In 1984, Japanese researchers led
by the biochemist Hiroyoshi Hidaka
described the first synthetic protein kinase inhibitors based on an
isoquinoline sulfonamide structure (Hidaka et al. Biochemistry, 1984
Oct 9; 23(21): 5036–41. doi: 10.1021/bi00316a032). These led
to the first protein kinase inhibitor approved for medical use (fasudil),
an inhibitor of the AGC subfamily Rho kinase. With potencies strong
enough to compete against endogenous ATP, the isoquinoline compounds
established the druggability of the ATP binding site. Crystal structures
of their protein kinase complexes, including with cAMP-dependent protein
kinase (PKA), showed interactions that, on the one hand, could mimic
ATP but, on the other hand, could be optimized for high potency binding,
kinase selectivity, and diversification away from adenosine. They
also showed the flexibility of the glycine-rich loop, and PKA became
a major prototype for crystallographic and nuclear magnetic resonance
(NMR) studies of protein kinase mechanism and dynamic activity control.

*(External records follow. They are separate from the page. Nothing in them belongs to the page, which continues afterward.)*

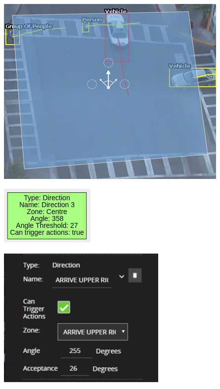 Objects that travel in the configured direction (within the limits of the acceptance angle), through a zone or over a line, trigger the rule and raise an event.
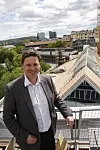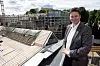 Markedssjef i Aspelin Ramm, Frode Rønne Malmo, foran Mathallen, som nå er under oppføring. I bakgrunnen bygges PS Hotel og Scandic Vulkan, som begge åpnes til høsten (Foto: Morten Holt)
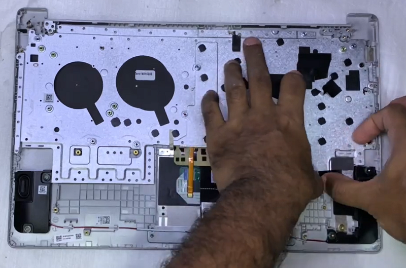 Bước 8: Thay bàn phím mới đã chuẩn bị trước đó vào vị trí và đặt lại tấm kim loại cố định bàn phím lên.
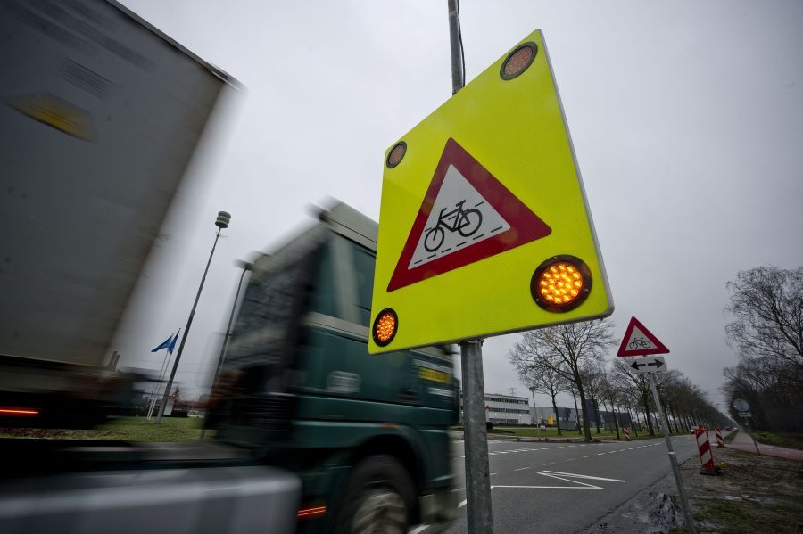 ENSCHEDE/BOEKELO - Twee grote en fel verlichte waarschuwingsborden. Die moeten voorlopig fietsers op de beruchte oversteek op de Windmolenweg beschermen.
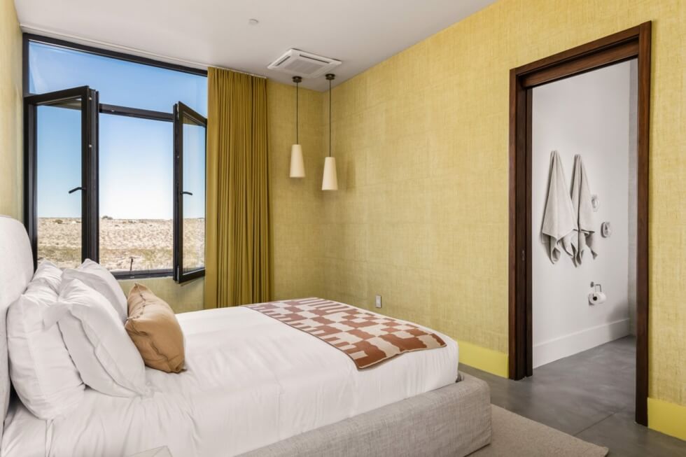 Meanwhile, step inside Casa Azzura to find an open-plan layout with tall ceilings and glazed windows for natural light. Expansive sliding glass doors connect indoor and outdoor spaces and carefully-curated furniture, textiles, and artworks add sophistication and charm.
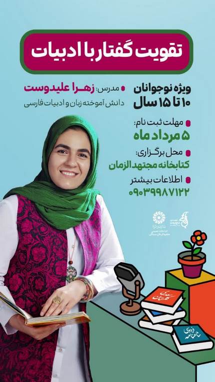 به گزارش خبرنگار طاووس بهشت؛ کتابخانه عمومی مجتهدالزمان بیدگلی با همکاری انجمن ادبی شاخ نبات دوره «تقویت گفتار با ادبیات» ویژه نوجوانان ۱۰ تا ۱۵ سال با تدریس زهرا علیدوست؛دانش آموخته زبان و ادبیات فارسی برگزار می کند.
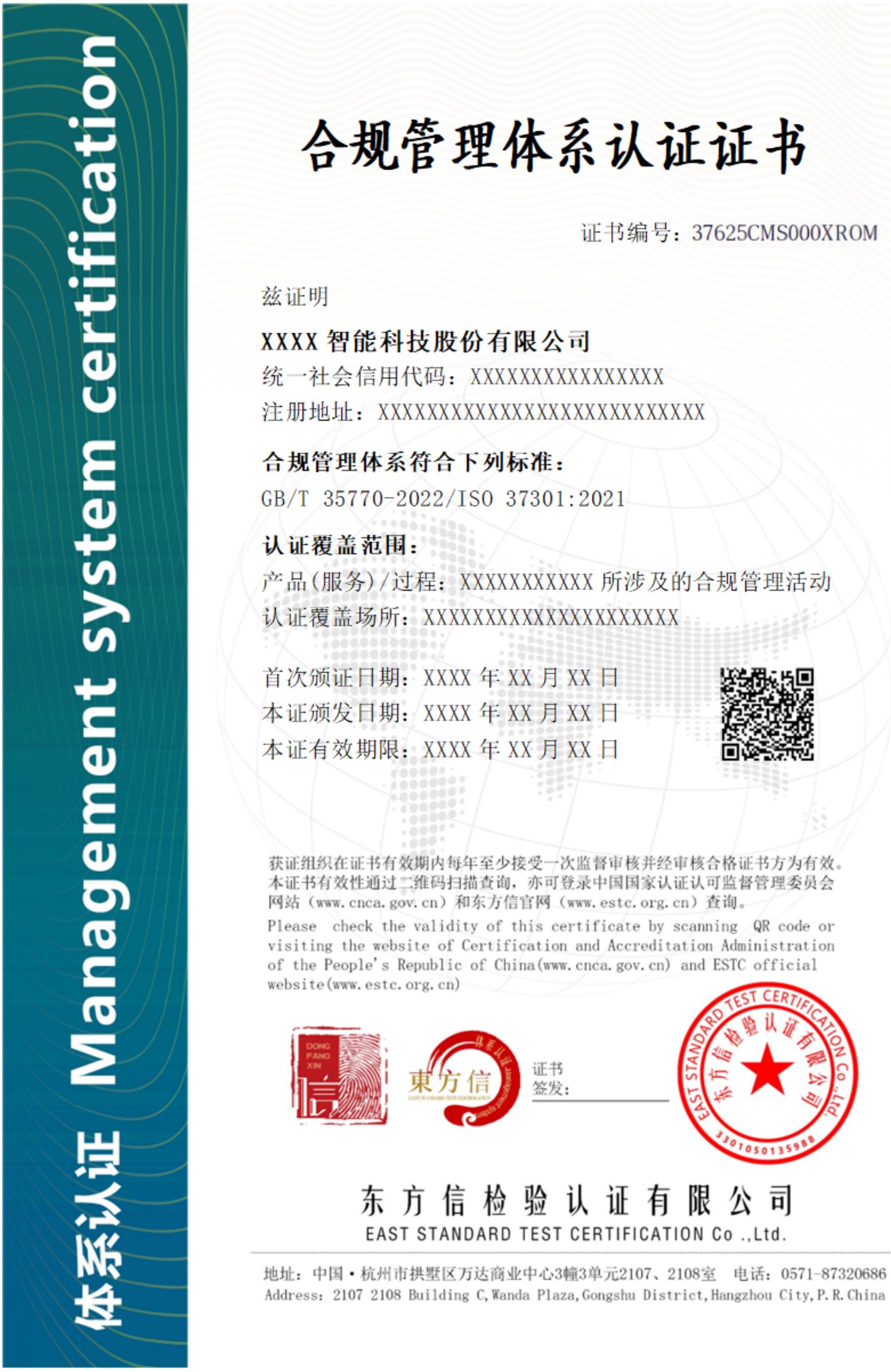本规则适用于规范东方信检验认证有限公司(以下简称“东方信/ESTC”)开展合规管理体系(CMS)认证活动。

Since fasudil, more than 70 kinase inhibitors have been approved for
clinical use, involving efforts that progressively have introduced
new paradigms of data-driven drug discovery. Publicly available data
alone comprise over 5000 protein kinase crystal structures and hundreds
of thousands of binding data. Now, new methods, including artificial
intelligence techniques and expansion of protein kinase targeting
approaches, together with the expiration of patent protection for
optimized inhibitor scaffolds, promise even greater advances in drug
discovery. Looking back to the time of the first isoquinoline hinge
binders brings the current state-of-the-art into stark contrast. Appropriately
for this Perspective article, many of the milestone papers during
this time were published in Biochemistry (now ACS Biochemistry).